Gyration (helical rotation) of a particle of charge $q$ inside an electric ($\mathbf{E}$) and magnetic ($\mathbf{B}$) field is due to the combined effect of Coulomb force and Lorentz force. The equation of motion of this particle can be written as:

$$ m\frac{d\mathbf{v}}{dt} = q(\mathbf{E}+\mathbf{v}\times\mathbf{B}) $$

where $m$ is the mass of the particle and $\mathbf{v}$ is its velocity. If there is no electric field, this equation will contain only the Lorentz force part. Then taking the dot product of the velocity with the two sides gives:

$$ m\frac{d\mathbf{v}}{dt} \cdot \mathbf{v} = q (\mathbf{v}\times\mathbf{B}) \cdot \mathbf{v} \ \Rightarrow \frac{d}{dt}\left(\frac{1}{2}mv^2\right) = 0 $$

Because $\mathbf{v}\cdot (\mathbf{v}\times\mathbf{B})=0$ and both sides are divided by two. That means the kinetic energy ($mv^2/2$) and the magnitude of the velocity (speed) of this particle are both constant. A static magnetic field can never change the kinetic energy of a particle.

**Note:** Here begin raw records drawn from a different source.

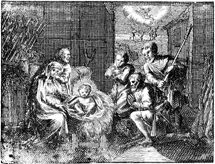 Description: Shepherds visit the newborn Jesus after learning of his birth from an angel.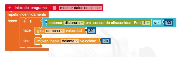 Vamos a programar el robot para que esquive todos los obstáculos. Necesitamos crear un bucle, en el que nuestro robot está comprobando siempre si su sensor de ultrasonidos detecta algún obstáculo; y si lo detecta, reaccionar ante ese obstáculo, girando. Nuestra distancia de seguridad es de 30 cm, nuestro robot no puede acercarse más a un obstáculo.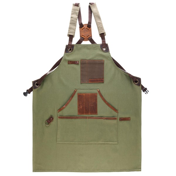 Node Leather - Cross Back Canvas Aprons With Pockets |Adjustable Leather Strap|Work Apron|Chef Apron|Woodworking, Grilling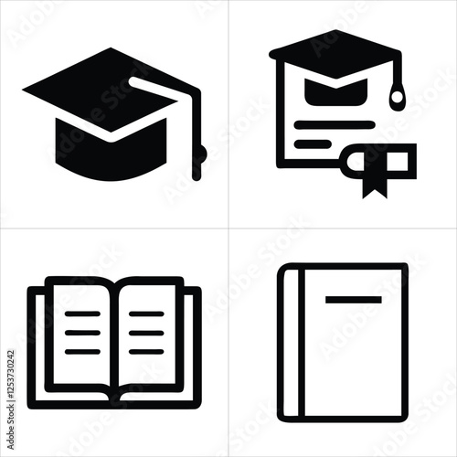 icon, vector, buttons, book, symbol, graduation, illustration, education, three-dimensional, box, cap, paper, document, set, design, signs, home, business, hat, school, house, computer, file, cyberspace, learning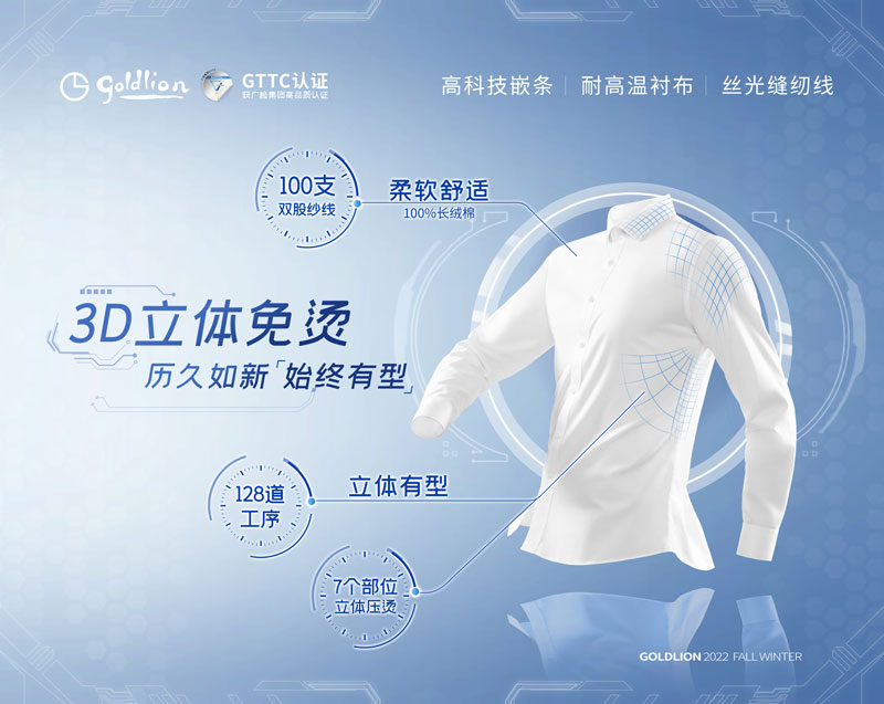 金利來3D立體免燙襯衫,解決了男人們最為頭疼和糟心的襯衫難打理難題。3D免燙技術,讓襯衫時刻百“折”如新,無需費力打理就可全天保持紳士風度,讓男士們省時又省心,自信馳騁職場。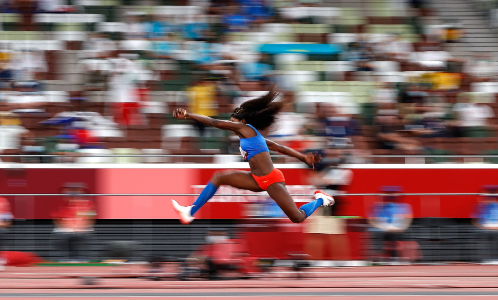 7月30日,哥伦比亚选手伊瓦尔根在东京奥运会女子三级跳远资格赛中。
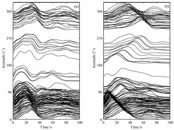 依赖于方位的视震源时间函数 (a) 来自P波(P波视震源时间函数);(b)来自Rayleigh波(Rayleigh波视震源时间函数). Fig. 2 The azimuth-dependent ASTFs (a) From the P waveform data (the P-ASTFs ); (b) From Rayleigh waveform data (the Rayleigh-ASTFs). |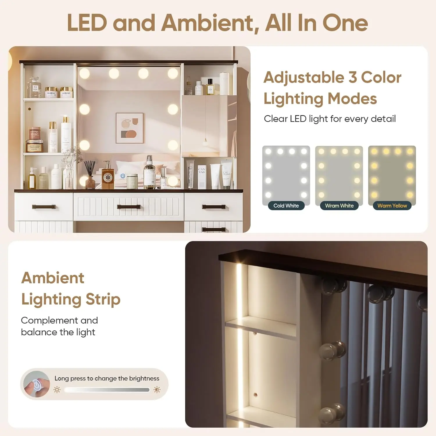 3. 【Set the Mood with Professional Lighting】Adjustable LED bulbs and ambient light strips let you choose from warm, neutral, or cool light, creating the ideal environment for any makeup look. From soft morning light to bright precision, enjoy the perfect lighting for flawless results. The ambient light also enhances your space, adding a subtle touch of style to your routine.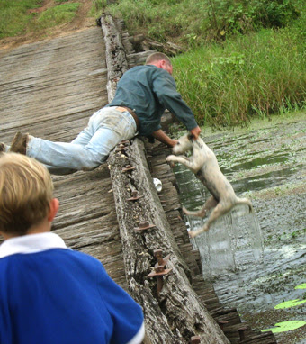 We had a run in the river recently (try saying that fast three times) and took the kids to check out the flow by the old bridge. Our two kelpie-cross pups, Jet and Hondo, came for the ride.

In a constant magnetic field along the z-axis, B=Bhatk and the three components in the equation of motion are then

\begin{align*} & m\dot{v}_x = qBv_y \\ & m\dot{v}_y = - qBv_x \\ & m\dot{v}_z = 0 \end{align*}

where $\dot{v}_x=dv_x/dt$ is the first derivative; Same for three components. The last equation states that the $z$-component of the velocity in the direction parallel to the magnetic field is constant. Differentiating the first equation again gives the second derivative like this.

\begin{align*} & m\ddot{v}_x = qB\dot{v}_y = qB(-qBv_x/m) \\ & \Rightarrow \ddot{v}_x = -\left(\frac{qB}{m}\right)^2 v_x = -\omega_g^2 v_x \end{align*}

where $\omega_g=(qB/m$) is the gyrofrequency or cyclotron frequency.